It has been an interesting year for the motor car. The auto world has adjusted as it maneuvers the post-petrol age. Whereas eco driving used to mean compromising on style and performance – think the awkward-looking REVAi/G-Wiz – it appears we need not lose much, if anything, from the golden age of the motor car. As it happens, electric cars are an awful lot of fun to drive and the new mechanics allow for a great deal of creative imagination. It has been a quiet revolution, but we are finally seeing some considered and engaging products.
So, what impressed in the year gone by? Rolls-Royce gave us its first SUV. The Cullinan may not be entirely a project from the heart, but it is a confident addition in the fastest-growing sector and will no doubt make the company a handsome profit. The Cullinan bravely shuns extra flourishes, the sort of brashness that could have worked in some markets but would have been completely wrong for a marque so steeped in glorious history. Instead the design is clean and clear and a touch austere – a sort of blank canvas that, if the customer so wishes, can be made into something much more exotic. The Rolls buyer has dropped dramatically in age – and the company is responding accordingly as the CEO Torsten Müller-Ötvös told me recently.
Elsewhere, McLaren Automotive proved it is possible to still create cars fueled entirely by love and idealism. The Speedtail is an ultra-exclusive hyper-GT and the purest expression of its function for a product that is a beauty to look at and, I’m sure, very special to drive. Others worth mentioning in the luxury field are the Bentley Continental GT Convertible. It continues the design theme introduced with the Coupé sibling last year, refining some of the more dramatic and bold elements of the original model, an instrumental product for the marque when it was introduced in 2003.
What really excited me though were the sustainable concept and production cars shown this year, some of which I was fortunate enough to experience. The I-Pace is Jaguar’s first all-electric car and an accomplished product. It looks progressive, while forging a subtle visual narrative with its gasoline powered siblings.

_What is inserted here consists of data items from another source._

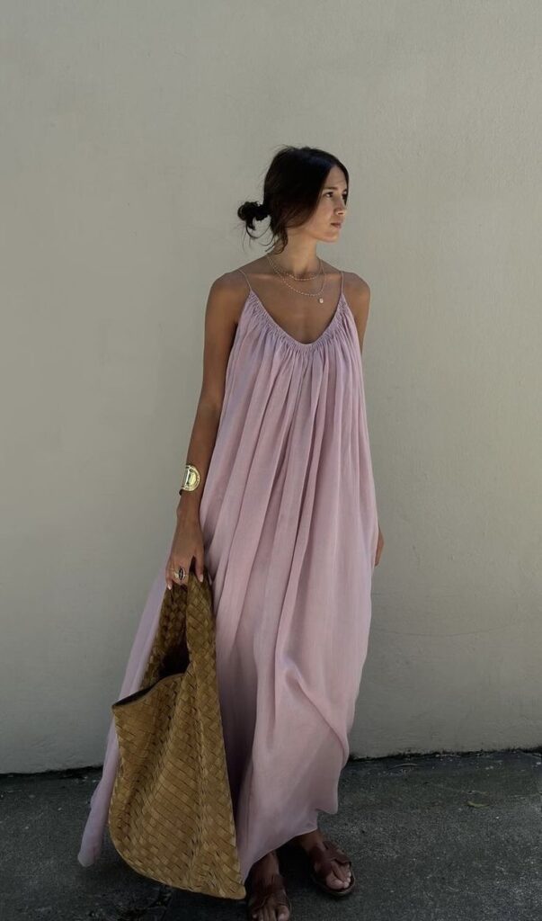 Few things rival the graceful charm of a billowy sundress, especially in a soft lavender hue that evokes the pastel walls of a Greek island or a Provençal evening sky. This breezy, floor-length number flows with an effortless silhouette, skimming the body while allowing the air to move freely—perfect for warm summer strolls.
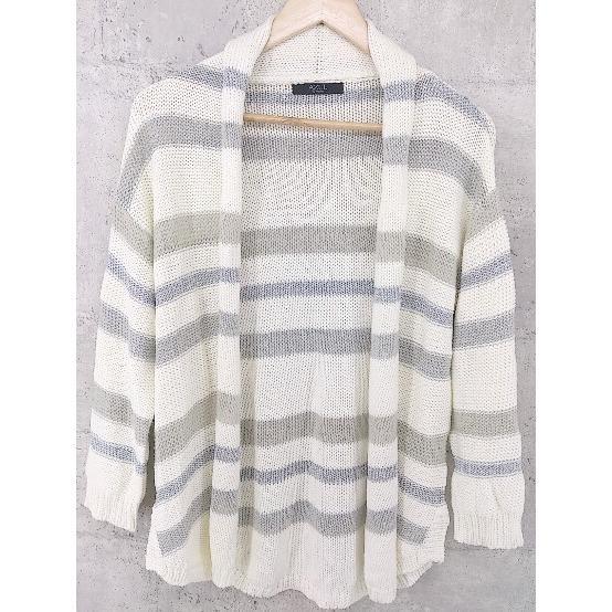 ◇ AZUL by moussy アズール バイ マウジー ボーダー 長袖 カーディガン サイズF ホワイト グレー レディース
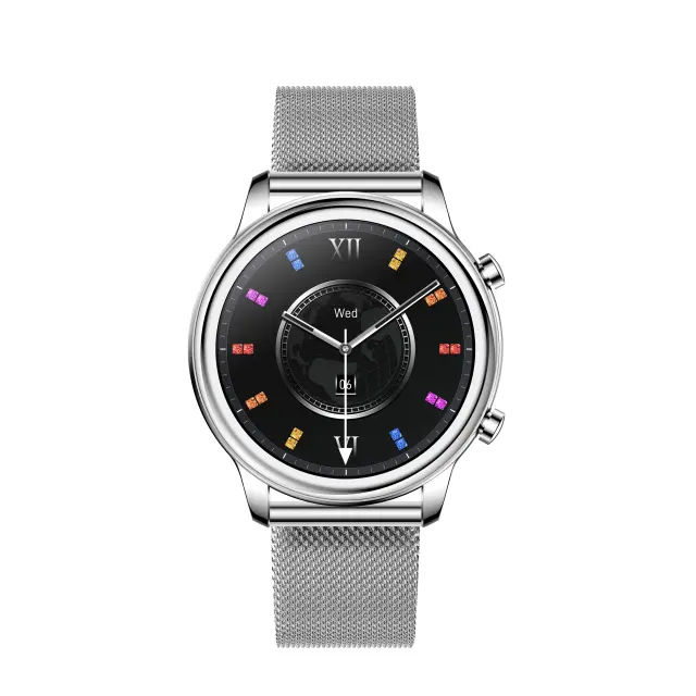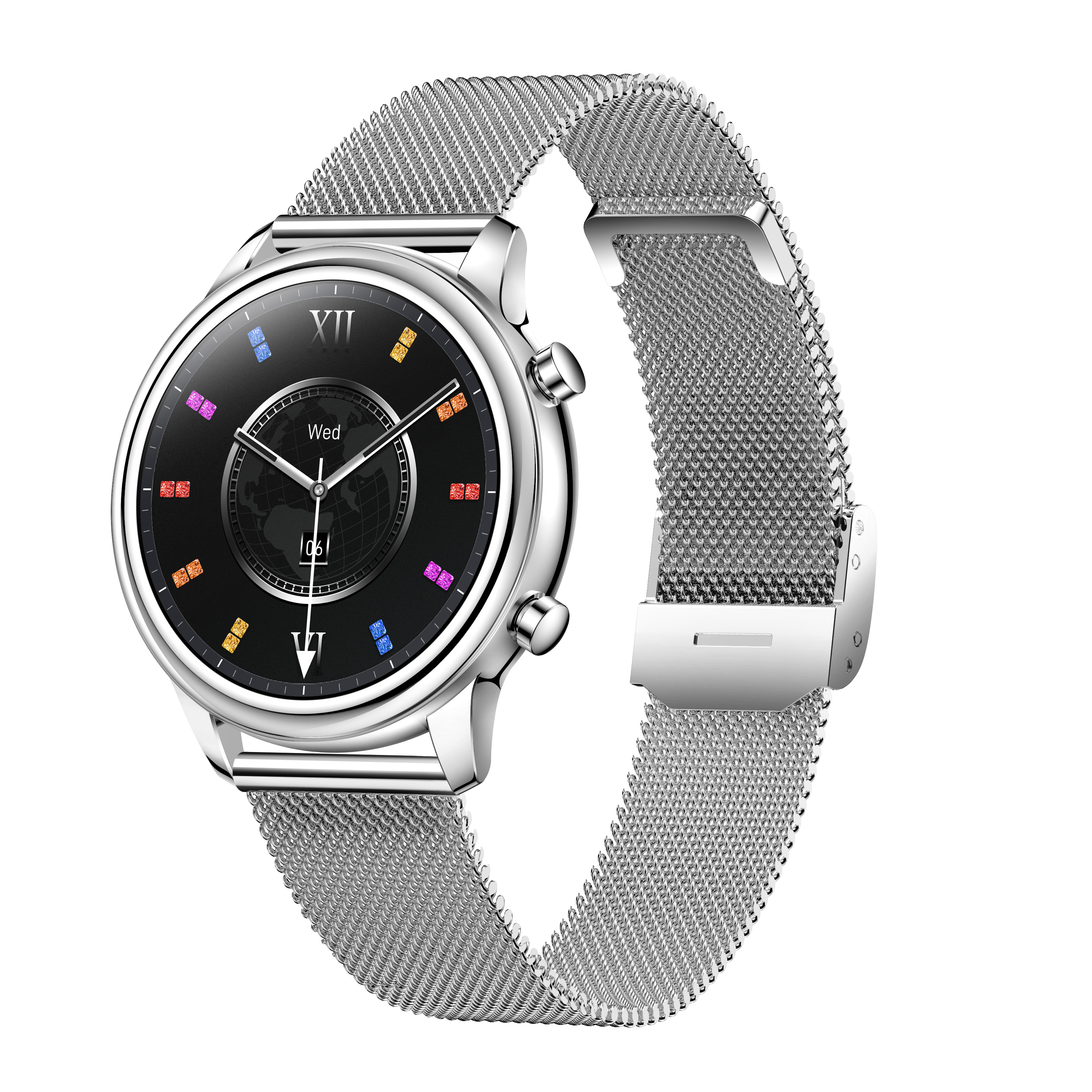 Eleganten in funkcionalen: Pametna ura se ponaša z elegantno in moderno zasnovo s srebrnim zaključkom, zaradi česar je popoln dodatek za vsako priložnost. Zaradi lahke in udobne zasnove jo lahko nosite ves dan brez nelagodja.

I’m excited to see what Jaguar Land Rover do next as the marque has been creating some really interesting products recently.
Elsewhere, the latest hybrid-electric i8 Roadster was also huge fun to explore. BMW has been at the forefront of ecological thinking when it established the BMW i electric sub-brand seven years ago. The Roadster is the convertible sibling to the Coupé, exploring further the intriguing design of the original, while making great use of the advanced LifeDrive modular architecture that underpins all BMW’s electric cars. Others certainly worth mentioning here are the Audi E-Tron SUV, an electric car that is so advanced technically, yet could perhaps have risked looking a touch more radical. I suspect the company will be more daring with its future electric cars.
One of the highlights of the year was definitely Automobili Pininfarina and its first product, the Battista. This is a sustainably-developed, clean-powered hypercar to be built by 2020 from the new car arm of the legendary Italian styling house. I am yet to see the actual car, expected to be unveiled at the Geneva Show in the spring, yet the drawings certainly look promising.
Also worth mentioning here is the Prototype 10 by Infiniti. This elegantly-proportioned vehicle is an electric performance concept car to honor the evocative spirit of early Californian speedsters. It implies where the premium Japanese marque is heading visually in the next three years when every new model will benefit from some form of sustainable powertrain.
Looking a touch further ahead, Volvo’s 360c is a truly visionary concept. This mobile hub is at once a self-driving workstation offering hot-desking on the move, a space to socialize in with friends, as well as a tranquil bedroom-on-wheels – what the firm calls “road planes” to challenge short-haul flights.
On the whole, 2018 has proved to be an exciting year for speculative design and I am looking forward to seeing and experiencing these ideas as they progress into reality in the years ahead.